Today we see a job gap—the economy goes up but the number of jobs stays the same. Today we see a pay gap—real income goes up at the top but drops out of the bottom for workers. So, the logical step would be to strengthen enforcement of overtime laws.

But the Bush Administration turns logic on its head, and instead proposes to re-write the rules in a way that takes away overtime pay eligibility from millions of workers. Employers could require an increasing number of employees to work unlimited hours without overtime pay. Employers would not only pocket the money that should have gone into workers’ paychecks, employers can steal the time that belongs to families, to communities and to workers themselves.

The Bush pay cut is an assault on working families—it reduces their income and takes away their time together.

The Bush Administration would re-define “”Executive,”" Administrative,”" and “”Professional”" — the limited job categories that have always been exempt from overtime pay—to include a wide range of workers—from a lead produce clerk in a supermarket to a technician in a hospital—that have always been eligible for overtime pay. While these are skilled and valuable workers, they do not have the income or personal control of their work as do the supermarket executive and the medical doctor. To lump skilled labor into exempt job categories simply to deny them overtime is just wrong, and must be stopped.

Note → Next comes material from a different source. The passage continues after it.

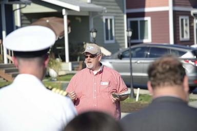 Keywords: 160802-N-DA275-014 160802-N-DA275-014.jpg en PORT ORCHARD Wash July 29 2016 “ Daryl Daugs the Executive Director of Habitat for Humanity for Kitsap County thanks Sailors including those from USS Nimitz CVN 68 and other volunteers from the local region for helping construct and finish the build of two homes prior to them being given away to local families during a ribbon-cutting ceremony Nimitz is currently undergoing an extended planned incremental maintenance availability at Puget Sound Naval Shipyard and Intermediate Maintenance Facility where the ship is receiving scheduled maintenance and upgrades U S Navy photo by Mass Communication Specialist 3rd Class Samuel H Bacon/Released <br>Unit Navy Media Content Services 2016-07-29 Samuel H Bacon https //www dvidshub net/image/2778070/160802-n-da275-014 160802-N-DA275-014 2016-08-09 00 10 NAVAL BASE KITSAP BREMERTON WASH US PD-USGov-Military-Navy Naval Base Kitsap USS Nimitz CVN-68 Images from DoD uploaded by FĂŚ

Bush’s Department of Labor claims that the intent is only to make the rules simpler and easier to apply. The real impact is to make it simpler and easier for employers to declare jobs exempt from overtime pay.

The UFCW represents workers in retail food, food processing, health care and manufacturing. We estimate that 50,000 of our members would fall under the new definitions for exempt job categories. All of them would be surprised to learn they are now “”executives”" or “”professionals.”" They would be outraged when they find out that their new status actually means a pay cut.

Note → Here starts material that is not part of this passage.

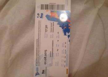продаю билет на FINA синхронное плавание финал. на 01.08.2015. отдаю по себестоимости 1500р. 14 ряд 20 место. Место хорошее!

I guess this is George W. Bush’s idea of fairness—cuts for everybody. Tax cuts for the wealthy. Pay cuts for the workers.  Of course, the wealthy wind up with more than they deserve, and the workers get less than they need.

It is time we took a stand against greed. We ask your help in making sure that workers get the pay for the hours they work, including their overtime pay. Thank you for this opportunity to voice concerns of working Americans.